MoE Routing Analysis - Capture and analyze routing decisions:

from chuk_lazarus.introspection import MoEHooks, MoECaptureConfig

hooks = MoEHooks(model)
hooks.configure(MoECaptureConfig(
    capture_router_logits=True,
    capture_selected_experts=True,
))

logits = hooks.forward(input_ids)

# Analyze routing
utilization = hooks.get_expert_utilization(layer_idx=12)
print(f"Load balance: {utilization.load_balance_score:.2%}")

entropy = hooks.get_router_entropy(layer_idx=12)
print(f"Router confidence: {1 - entropy.normalized_entropy:.2%}")

Logit Lens and Ablation:

from chuk_lazarus.introspection import ModelAnalyzer, AnalysisConfig, LayerStrategy

# Async API for logit lens analysis
async with ModelAnalyzer.from_pretrained("TinyLlama/TinyLlama-1.1B-Chat-v1.0") as analyzer:
    result = await analyzer.analyze("The capital of France is")
    print(result.predicted_token)  # " Paris"
    for layer in result.layer_predictions:
        print(f"Layer {layer.layer_idx}: {layer.top_token}")

# Track token evolution
config = AnalysisConfig(track_tokens=["Paris", " Paris"])
result = await analyzer.analyze("The capital of France is", config)
for evo in result.token_evolutions:
    print(f"{evo.token} emerges at layer {evo.emergence_layer}")

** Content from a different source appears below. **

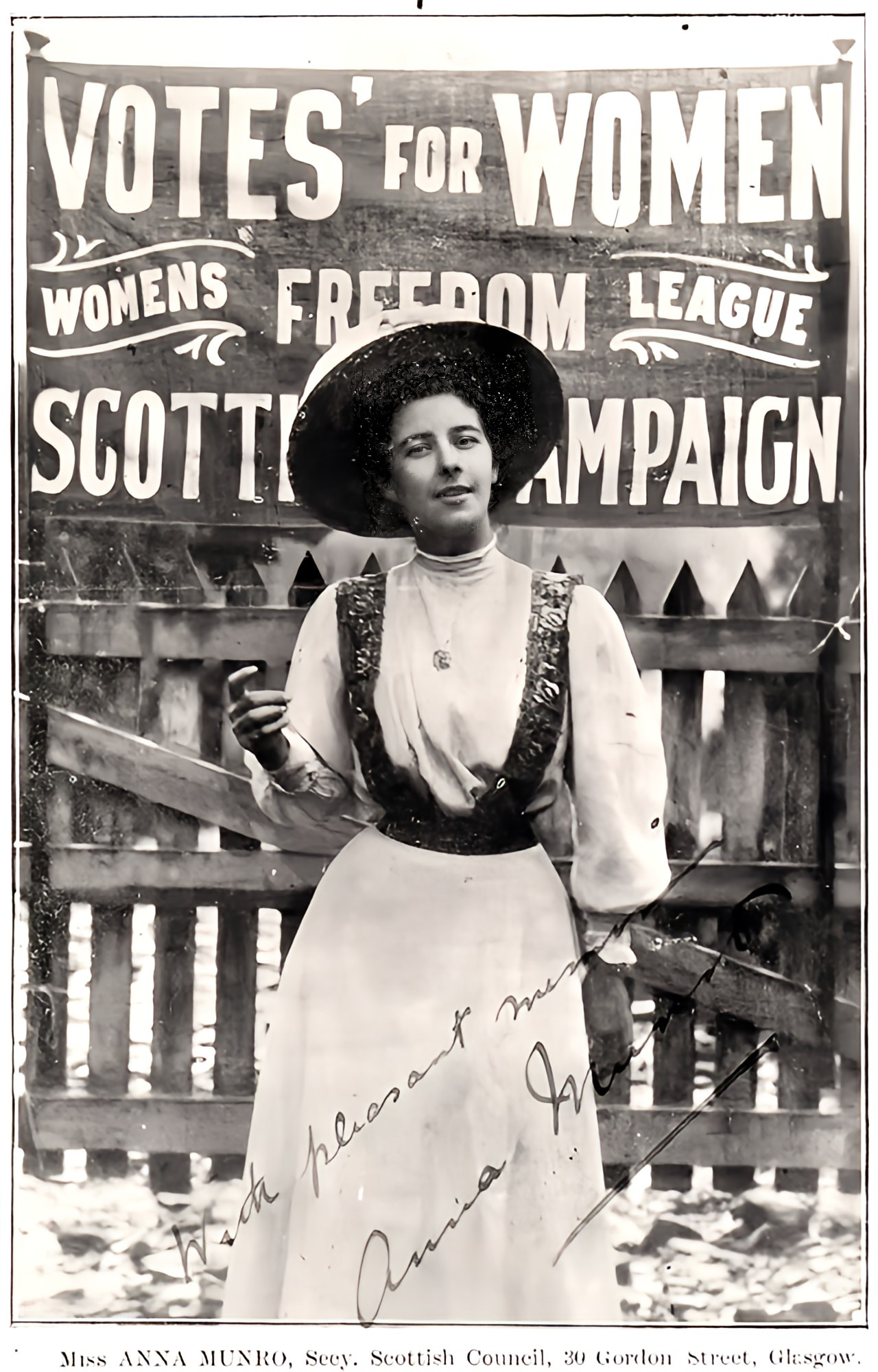 Anna Munro suffragette and women's freedom league in Scotland guess 1909

from chuk_lazarus.introspection import AblationStudy, AblationConfig

# Ablation studies - identify causal circuits
study = AblationStudy.from_pretrained("openai/gpt-oss-20b")
config = AblationConfig(max_new_tokens=15)

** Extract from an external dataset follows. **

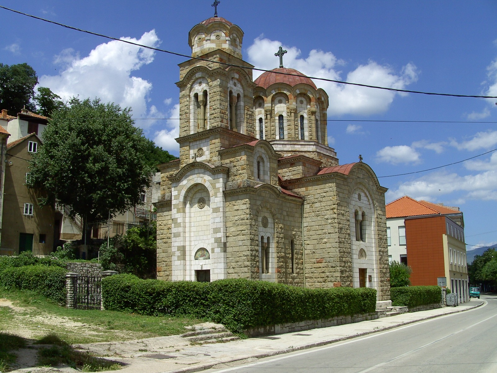 Town of Knin, Croatia

original = study.ablate_and_generate("45 * 45 = ", layers=[], config=config)
ablated = study.ablate_and_generate("45 * 45 = ", layers=[22, 23], config=config)
print(f"Original: {original}")  # "2025..."
print(f"L22+L23 ablated: {ablated}")  # Broken output

See docs/introspection.md for detailed introspection documentation.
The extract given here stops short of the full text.